Unfortunately for Garvais-Lawrence and thousands of Native Americans, having a missing family member is far too common. Patricia Hibbeler, a member of the Missing and Murdered Indigenous Women and Girls committee (MMIW), said “there are probably few American Indians that haven’t been touched by MMIW. If it’s not somebody in our family, we know of someone, or a relative of someone, that sadly has been murdered or missing.” Native Americans are sometimes not prioritized by police officers, and oftentimes their cases are never fully investigated. It is also rare when the national media picks up a story on these women.

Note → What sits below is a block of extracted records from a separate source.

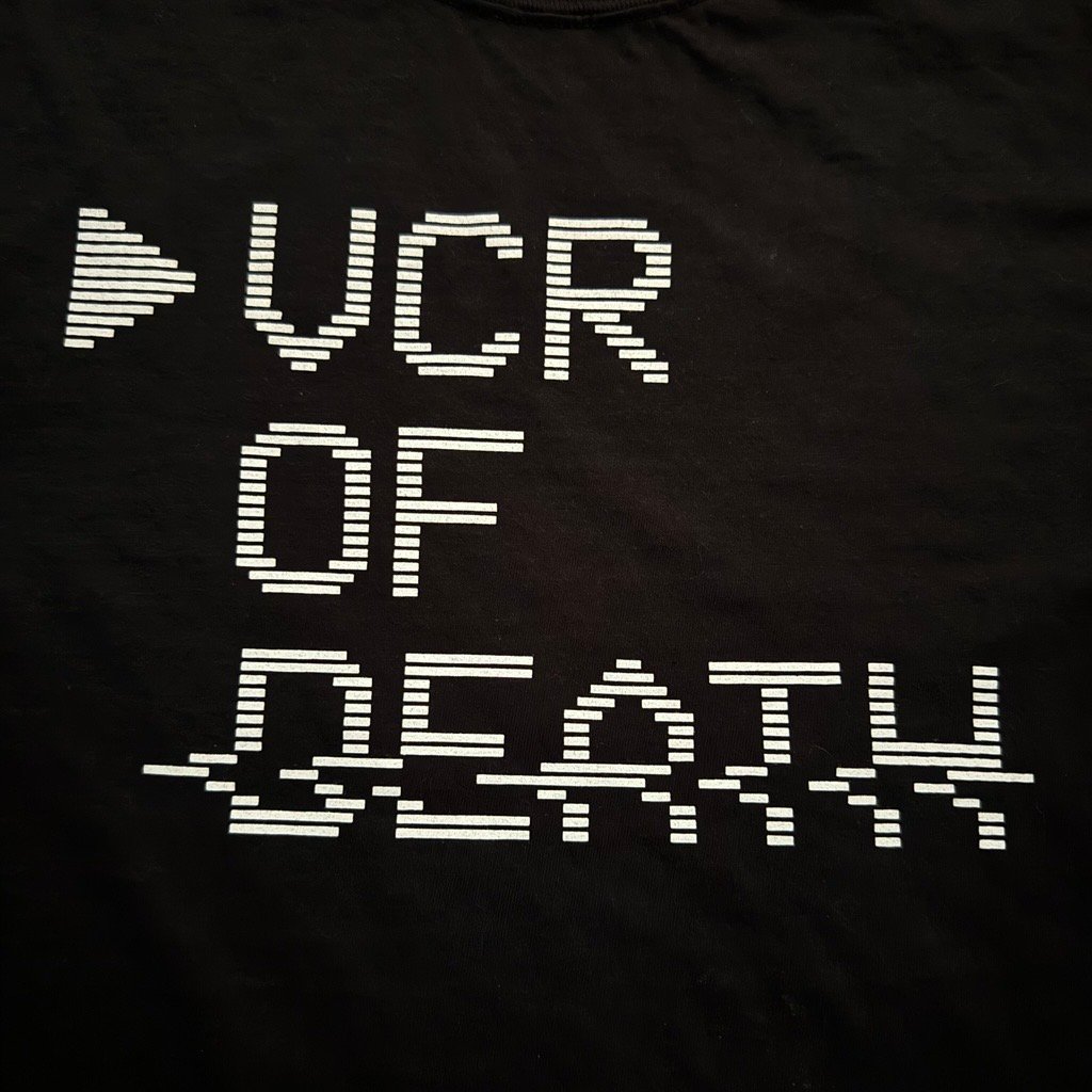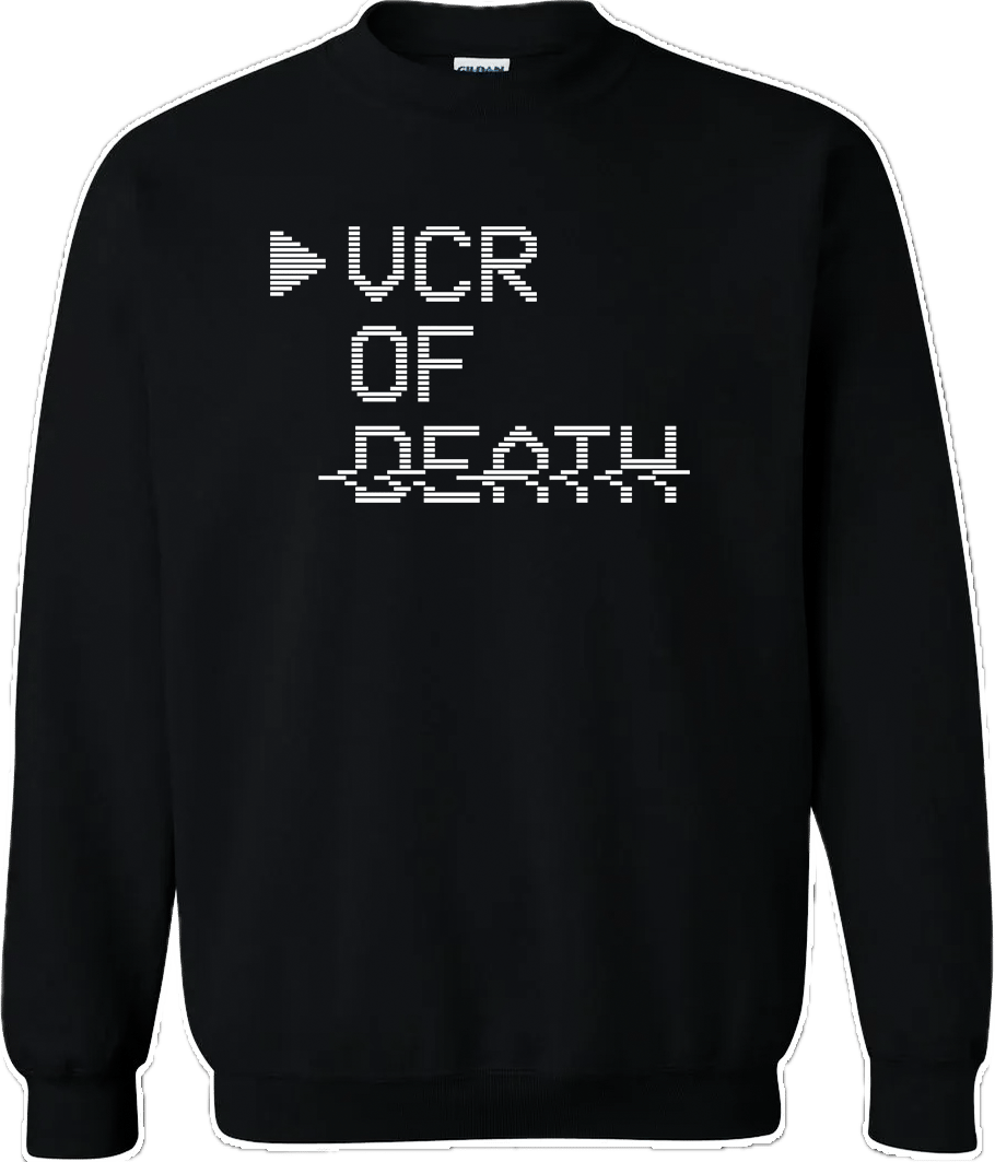 The artwork is dead simple. Just the VCR of Death logo in white on a black Gildan heavy blend sweatshirt. No frills, no flourishes, just a badge that lets everyone in the room know you've seen Hard Ticket to Hawaii AND Picasso Trigger.
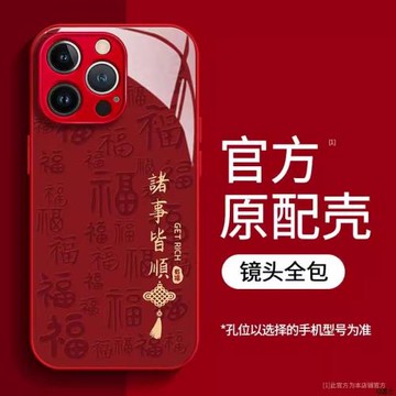適用蘋果16promax手機殼新年紅色iphone15新款14全包諸事皆順12pro本命年玻璃11過年por蛇年13款女iphone15套
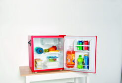 The Frigidaire 1.6 cu. ft. red retro design refrigerator with built-in side bottle opener has enough room to store your favorite foods and drinks, while not taking up a lot of space. The convenient door basket on the reversible door is large enough for two-liter bottles and canned drinks. Opening bottles is a breeze with this built-in side bottle opener. No more fumbling through crowded drawers hunting for your bottle opener. This low energy consumption refrigerator is perfect for the office or extra rooms away from the kitchen with its space saving flush back design.

Garvais-Lawrence finished his journey right as the search for Gabby Petito, a white woman who went missing in late August, was being conducted. After a media outcry on various news outlets and social media platforms, investigators pooled together hundreds of officers and resources to search for Petito and her missing fiance, Brian Laundrie. Petito’s body was later found in Wyoming, only strengthening the call for equal awareness for all missing people, not just white women. When asked about the Petito case, Garvais-Lawrence said he viewed it as a coincidence and stated, “there are 716 other cases in Wyoming that didn’t receive any attention at all. That is blood — blood on America’s conscience and society. It [has] got to end, and it will not end unless we have cooperation from our non-tribal brothers and sisters.”
When Petito went missing, her story instantly became a sensation. The young influencer gained over one million Instagram followers and her hashtag (#gabbypetito) on TikTok has over 2.3 billion views. People were captivated by the images of a pretty, young, 22-year-old woman, who was documenting her journey out west with her fiance, Laundrie, online. As her story blew up on social media, everyone seemingly had an idea as to what happened to her. But while investigators worked and citizens across the world waited to hear updates, many people took this case and began to raise awareness about the issue of “Missing White-Girl Syndrome.”
While media frenzy caused Petito to become a household name, some people of color felt that while Petito did deserve justice, they were hurt that missing people of color were being overlooked and never got the same attention and resources that Petito’s case did. Many also began asking the question of whether heavy media coverage helps or hurts an investigation.
Sometimes media coverage can interfere with an investigation, but this was not the case for Petito. As her story and face became plastered on every news outlet, people from all over began turning in tips about encounters with Laundrie and where they had seen Petito’s white van. These tips, along with videos and photos that were turned in, ultimately allowed investigators to find Petito’s body. Without the extensive media coverage, people might not have come forward with seemingly small pieces of information that helped investigators solve the case.
After Laundrie fled his home, his body was eventually found in a Florida park a month later. Laundrie was the prime suspect in the murder of Petito. Not only did her case raise awareness about domestic violence, but it also started the conversation about the different levels of media coverage and attention of law enforcement when people of color go missing.
The idea of vanishing without a trace is terrifying. And the thought that someone’s case would not get the same amount of attention because of racial differences or social class is also tragic. Missing person cases are hard enough on families, but when loved ones don’t receive a proper investigation, or are never found, like in the case of Brian Shaffer, hope to find the missing dwindles.